Let’s see ucase in action:
$ dd conv=ucase 2>/dev/null < file
In both cases, we redirect to /dev/null, so we hide the summary from the stderr output of dd.
3.5. perl
Of course, interpreters like Perl usually provide functions for character transformation:
$ perl -ne 'print lc' file
In this case, *we [-e]xecute a [-n]on-printing perl one-liner, which just [print]s each line after passing it through the built-in lc() or uc() functions*.
Let’s see an example with uppercase as well:
$ perl -ne 'print uc' file
While adding use utf8 or use locale should theoretically deal with any encoding, in practice, this depends on the shell context and additional configuration.
4. Any Encoding
Naturally, there are methods to convert text data with any encoding to lowercase or uppercase, skipping any symbols without the concept of a case, such as numbers, symbols, and others.
To ensure portability and compatibility, we focus on two main options.
4.1. Bash Versions Before 4
Before Bash 4, we’d need to implement a custom case conversion mechanism, as there are no built-in ways to switch between cases.

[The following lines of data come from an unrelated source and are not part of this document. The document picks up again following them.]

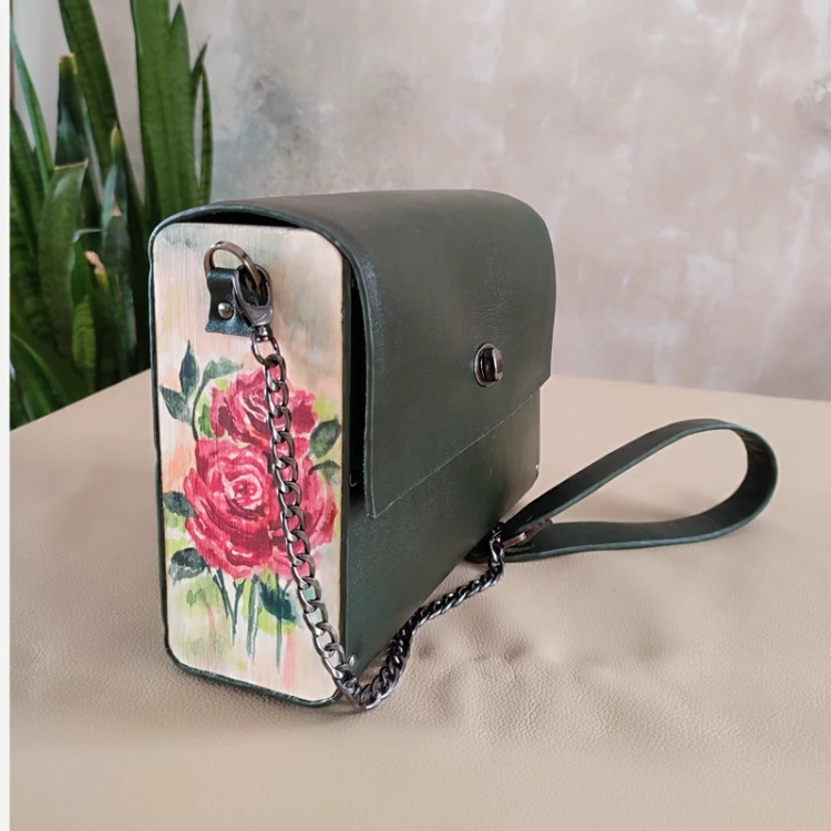 کیف رودوشی زنانه طرح رز چرم طبیعی گاوی درجه یک تماما دستدوز است که در کناره کیف از چوب نراد طراحی شده توسط تیم چرم خلاق استفاده شده که روی چوب ها نقاشی دست با رنگ آکرولیک کار شده و تمامی چوب ها دارای پوشش نانو ضد آب و خش است.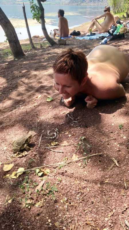 L’après midi on se pose au bord du lac pour lézarder et se baigner . Et Fabienne rencontre même un prince charmant !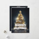 A modern and fun golden Christmas Tree with a golden star on top is made up of stacked books and is framed by a dark blue background that has large white templates near the base for your custom festive season greeings. The template currenlty reads "Season's Greetings" and has two additional templates beneath it for your message to customers and/or clients. The reverse side is the same dark blue on which templates for additional wording plus your company qr code or corporate logo appear. These are ideal for the festive holiday period from a writer, novelist, publisher, proofreader, historian or anyone whose profession involves books. Convey the spirit of the season to customers, friends and family with this plain but eye-catching design. Season's Greetings and Happy holidays!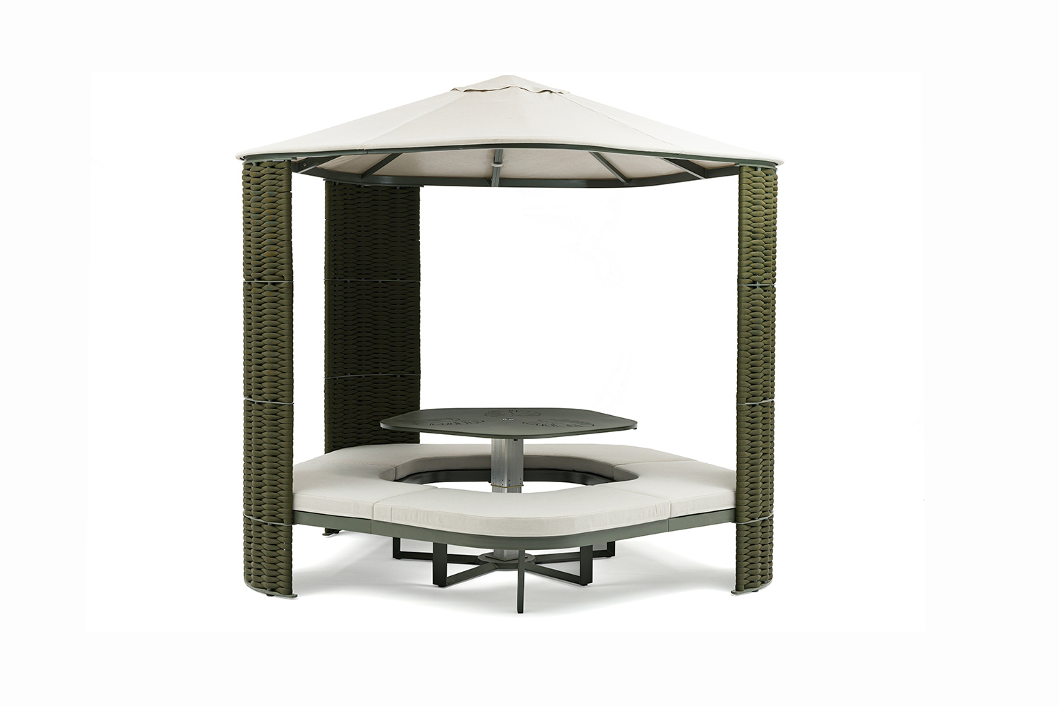 Kiosque spacieux et confortable, il apporte un ombrage et une grande plateforme matelassés pour la détente ou la sieste. Une table escamotable généreuse peut accueillir de 5 a 8 convives pour des repas a l'abri du soleil ou d'une averse. Toile Axvision résistante aux UV et déperlante, rideaux en option.

While ASCII supports a fairly simple algorithm, which adds or removes a fixed value to the code of the character, Unicode isn’t as straightforward.
4.2. Bash 4
After Bash 4, parameter expansion variants were specifically created for case conversion:
$ echo "${filecontents,,}"
In this case, the ,, double commas indicate that the variable with the name that precedes them should be expanded with all uppercase characters converted to lowercase. To get the reverse, lowercase to uppercase, we use ^^ double carets:
$ echo "${filecontents^^}"
If we specify a pattern after the commas or carets, we limit the effect to the parts of the variable value that match the pattern.
4.3. Bash 5.1
Since Bash 5.1, we can also use an alternative syntax for both operations:
$ echo "${filecontents@L}"
In this case, Bash applies the [@L]owercase transformation to all relevant characters.
When it comes to [@U]uppercase, we just switch the letter:
$ echo "${filecontents@U}"
Since the shell and the terminal dictate much of the encoding context, working within Bash directly usually has a great chance to preserve and properly apply that encoding.

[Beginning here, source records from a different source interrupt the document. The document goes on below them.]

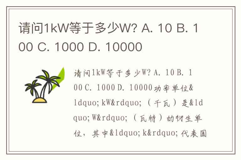 请问1kW等于多少W? A. 10 B. 100 C. 1000 D. 10000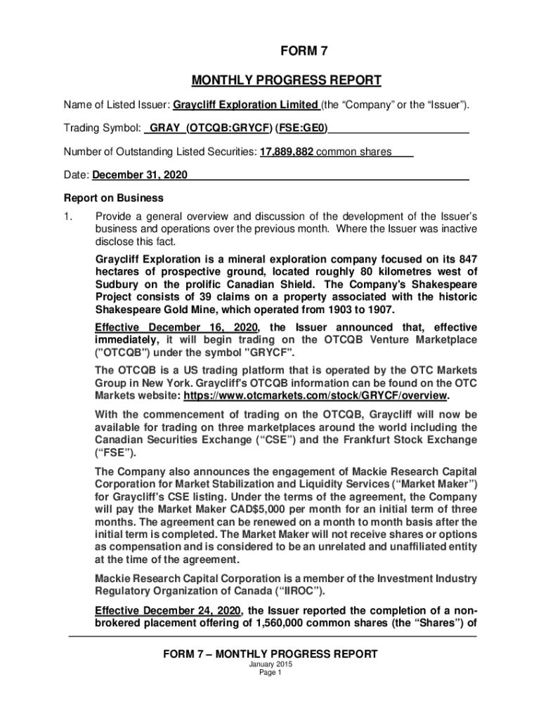Get the free Name of Listed Issuer: Graycliff Exploration Limited (the Company or the Issuer)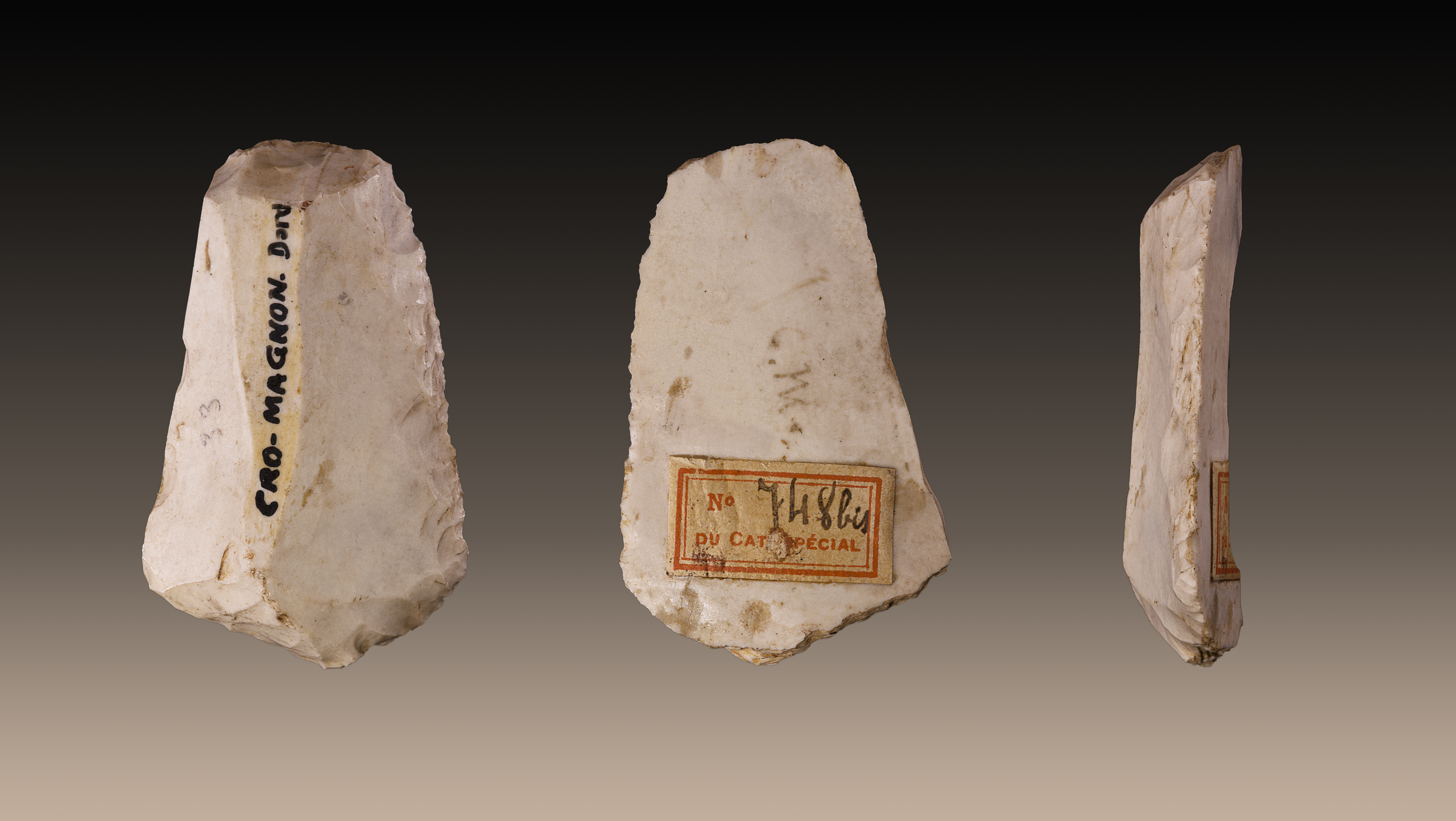 루이 라테가 1868년 3월 크로마뇽 동굴지구에서 처음으로 발견했다. 동굴에는 화석을 보호하는 역할을 하던 바위들이 주위에 있었다고 한다. 이 종을 크로마뇽 1이라 명명했다. 두개골은 이마가 높이 나오고 골이 얇은 형태이며 지금의 인류 생김새와 상당히 유사하다. 프랑스에서 발견된 이후로 다른 유럽 국가와 중동국가에서도 해당 유골이 발견되기 시작했다.[16]

That’s especially true when using a prepopulated string like filecontents.
4.4. Vi Editor
The ubiquitous Vi editor provides many shortcuts for text manipulation. For brevity, we use vi (Vi) when referencing both the Vi and Vim editors.
In particular, we’ll explore a series of Normal (Command) Mode commands for converting to lowercase:
$ vi file
[...]
gg0guGZZ
Now, let’s break down what this sequence does:
- open file
- gg (to first line) followed by 0 goes to the first line and column
- gu (lowercase) or gU (uppercase) followed by G (to last line) lowers the case of all the characters until the bottom of the file
- ZZ saves the current buffer changes and exits
So, the change for uppercase is again a single letter:
$ vi file
[...]
gg0gUGZZ
In fact, we can convert either of the above into a single automated command, which saves the changes in-place:
$ vi -c'normal! gg0gUGZZ' file
Here, the -c switch enables the execution of the gg0guGZZ or gg0gUGZZ normal ! mode commands after file is open. Since we also add the ZZ, we may not even see the editor screen before the operation is complete, depending on the file size.
This method, like the latter, handles encoding very well, as it treats the file based on its preconfigured or detected encoding.
5. Summary
In this article, we explored ways to change the text case of strings and files.
In conclusion, while there are many methods to perform case conversion, we explored some of the most basic and standard ones.